Dear members, lets start lottery again!

its total easy...

every member just need to tell number from 1-1000.

every member who will make order in September can tell 3 numbers.

PRIZE IS:

3 X 10ML *TESTOSTERONE CYPIONATE  CYPIOBOLIC ASIA PHARMA* FDA APPROVED VIAL!

Asia Pharma Pharmaceuticals LTD - Thai FDA Asia Pharma Products check

*Thai FDA Asia Pharma Products check*

                                                                                                                                                             At the moment Asia Pharma has 9 products registered in Thailand and couple of extra products will be registered very soon.

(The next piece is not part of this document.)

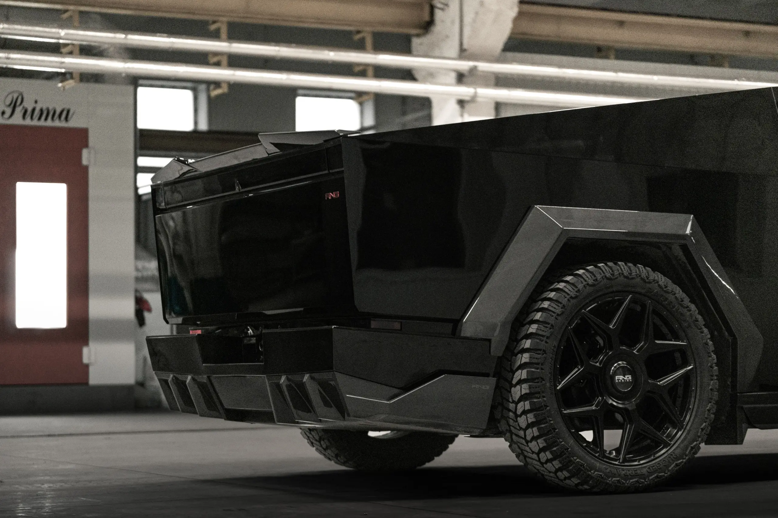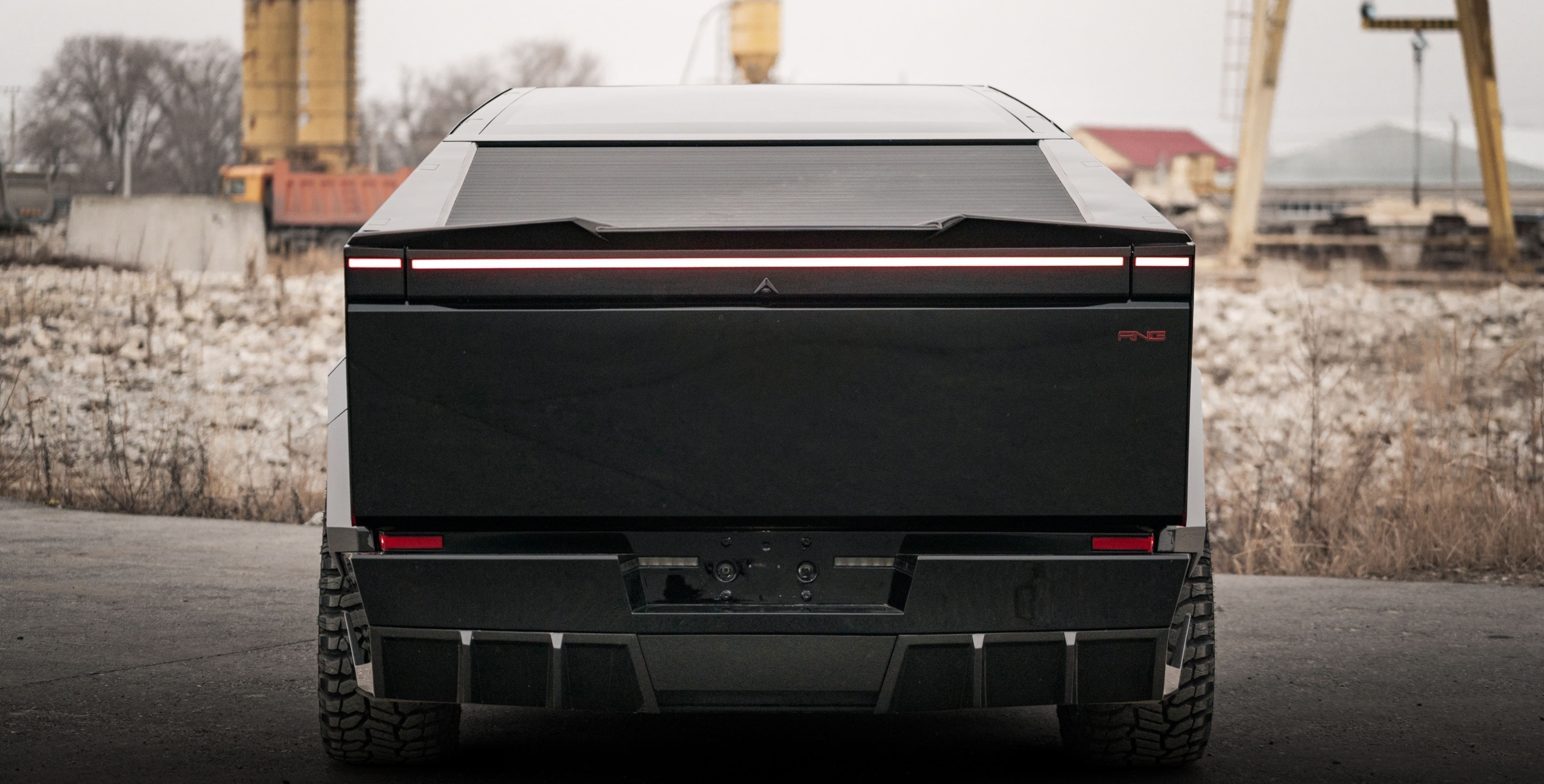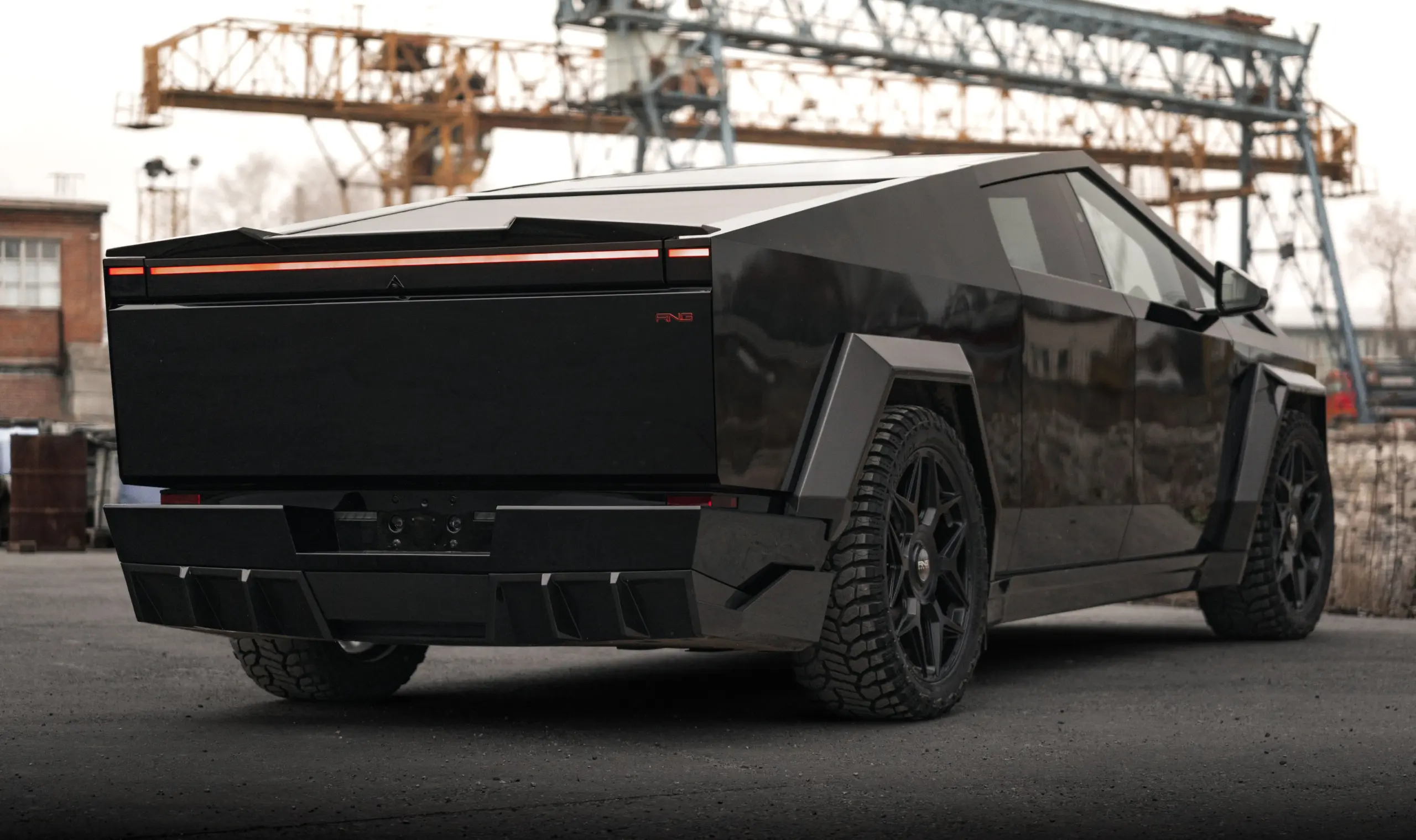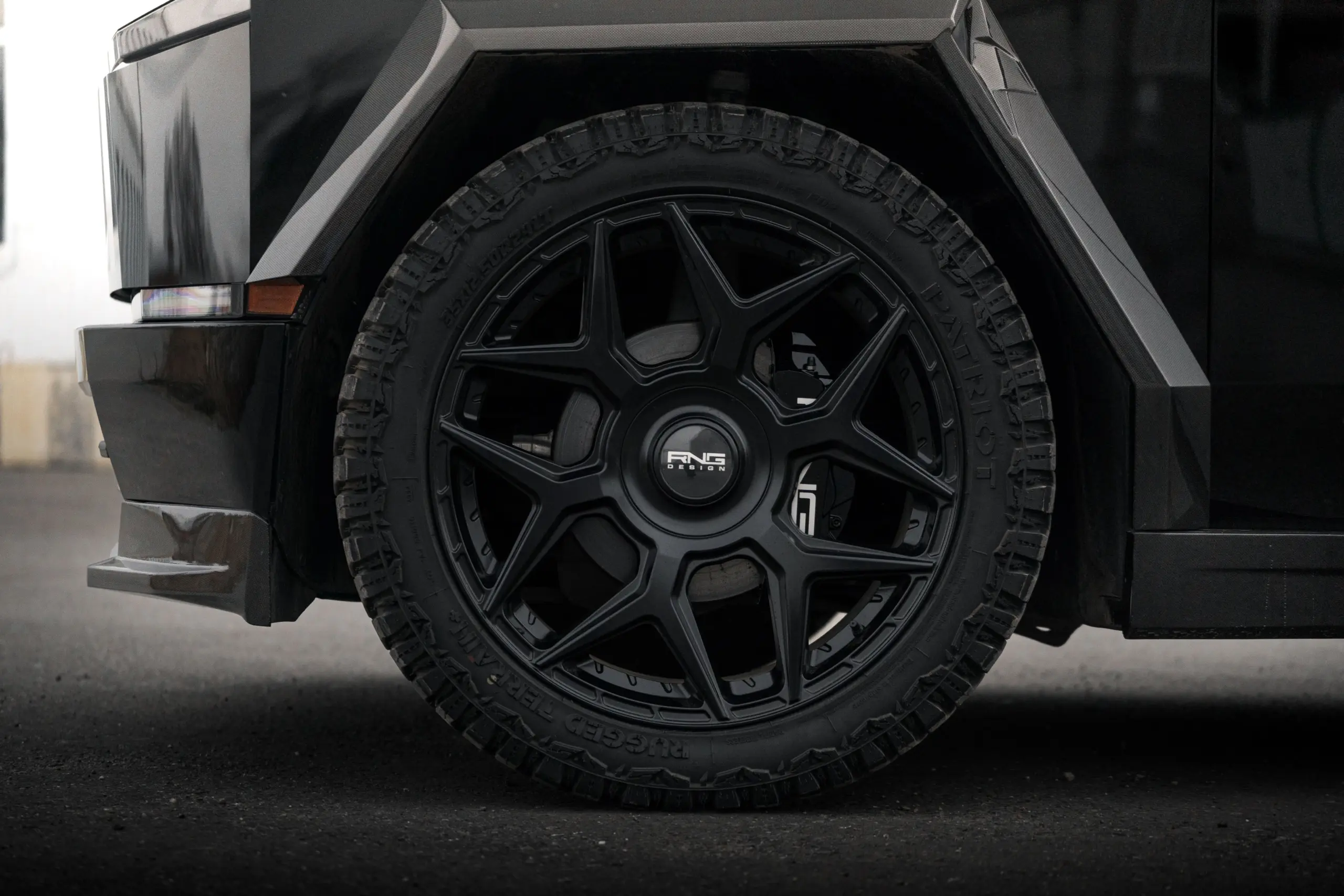 Кованые 24-дюймовые диски с нагрузкой около 1400 кг на колесо и плавающими колпачками готовы к массе Cybertruck и доступны до 26 диаметра. Плёнка и глубокий чёрный PPF добавляют агрессии и защиты, а металлические шильдики RNG аккуратно подписывают проект.

Thai FDA has a web-page where anybody can check whether a specific product is actually registered or not. You can check all Asia Pharma registered products at the following web address:

http://www2.fda.moph.go.th/consumer/drug/dcenter.asp

To check simply enter one of Asia Pharma product brand name into the first box and click enter (Cypiobolic, Decabolic, Durobolic, Enantbolic, Oxyanabolic, Stanobolic, Propiobolic, Tamoxol or Sustabolic).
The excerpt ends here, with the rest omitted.